There's also been 35 other votes with 0 votes in favor, but those were motions rather than bill votes.

  • 9
    Why would someone sponsor a bill, then oppose it?
    – Someone
    Jul 7 at 16:49
  • 6
    @Someone-OnStrike if you click into the bills under the links, it does say it is possible a different bill with similar provisions could have passed, making these bills unnecessary.
    – Seth R
    Jul 8 at 5:18
  • 2
    @Someone-OnStrike there's a tongue-in-cheek saying that "a good compromise leaves everyone angry". Maybe that literally happened here, the authors ended up tryign to appease two such disparate groups that they ended up with something that appeared to be a compromise but was actually unpalatable to both sides (for different reasons). And they themselves thought (incorrectly) that it was a bad compromise, but the only thing that might pass.
    – Brondahl
    Jul 8 at 7:30
  • 3
    @Someone-OnStrike: In politics, it's usually a wise idea not to stand out for failures. Political calculus might suggest that it's better to vote against your own bill than be the one person who votes for something no one likes. Jul 9 at 4:34
  • 4
    The "User Fee Act" was described in Congress as a "sham bill" that was "just another way to try to embarrass the President." In other words, it was a strawman, only introduced to be shot down. You can read the (sometimes angry) debate congress.gov/105/crec/1998/06/05/…
    – James K
    Jul 9 at 7:49

Yes, in the Senate.

I am not sure about the US House of Representatives.

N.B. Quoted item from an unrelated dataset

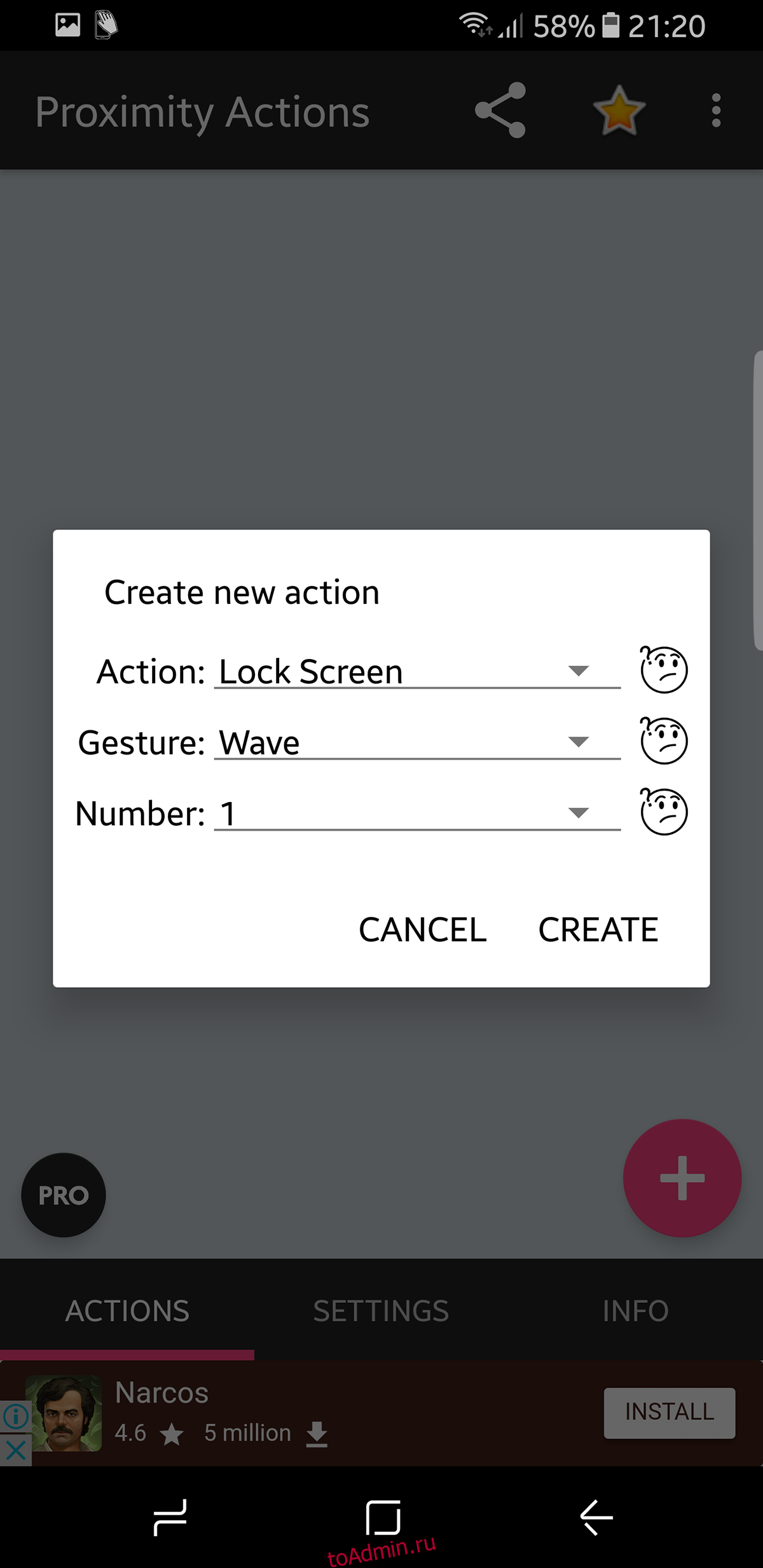 Proximity Actions берет концепцию, представленную в Gravity Screen, и добавляет к ней уровень настройки. Теперь вы можете назначить, какие действия будут выполняться в зависимости от датчика приближения. Таким образом, ваш телефон может выполнять следующие действия в зависимости от того, какой жест вы ему назначили.

However, for the Senate there is a recent one.

The Green New Deal. It received 0 yes votes and 57 no votes.

Introduce on Valentine's Day 2019 (02/14/2019) and voted down the following month on 03/26/2019.

The sponsors of the bill and associated party voted "present" instead of a yea or nay, resulting in the 0-57 final tally.

  • 1
    why did this happen, any idea?
    – whoisit
    Jul 7 at 16:49
  • 5
    @whoisit The bill was sent to the floor by the opposition party knowing it would fail with the intent to put senators "on record". Rather than presenting disunity within the party and playing into what Democrats characterized as a "sham" vote, none voted "yea" and simply voted "present" instead. Jul 7 at 16:57
  • 6
    @whoisit At the time the Republican party held 57 seats. The Democrats held 43 seats. The bill would require 60 yes votes to pass. Since the Republicans held the majority, they called the bill for a vote to kill it. The sponsors of the bill belonged to the Democrat party, however, it was not unanimously popular among the Democrat party at the time. The bill needed 17 Republicans to switch from No to Yes to pass. Given this was unlikely, the democrats choose instead to unanimously "protest" the vote. This was viewed as a better alternative than to put their disagreements on public record.
    – David S
    Jul 7 at 16:58
  • 5
    Technically it wasn't a bill vote but rather a Motion to Invoke Cloture on the Motion to Proceed to S.J. Res. 8. Jul 7 at 17:46
  • 4
    @DavidS Good example, but your partisan breakdowns are off. At the time the GOP held 53 seats. The no votes were the 53 Republicans plus Jones (D-AL), King (I-ME), Sinema (D-AZ), and Manchin (D-WV).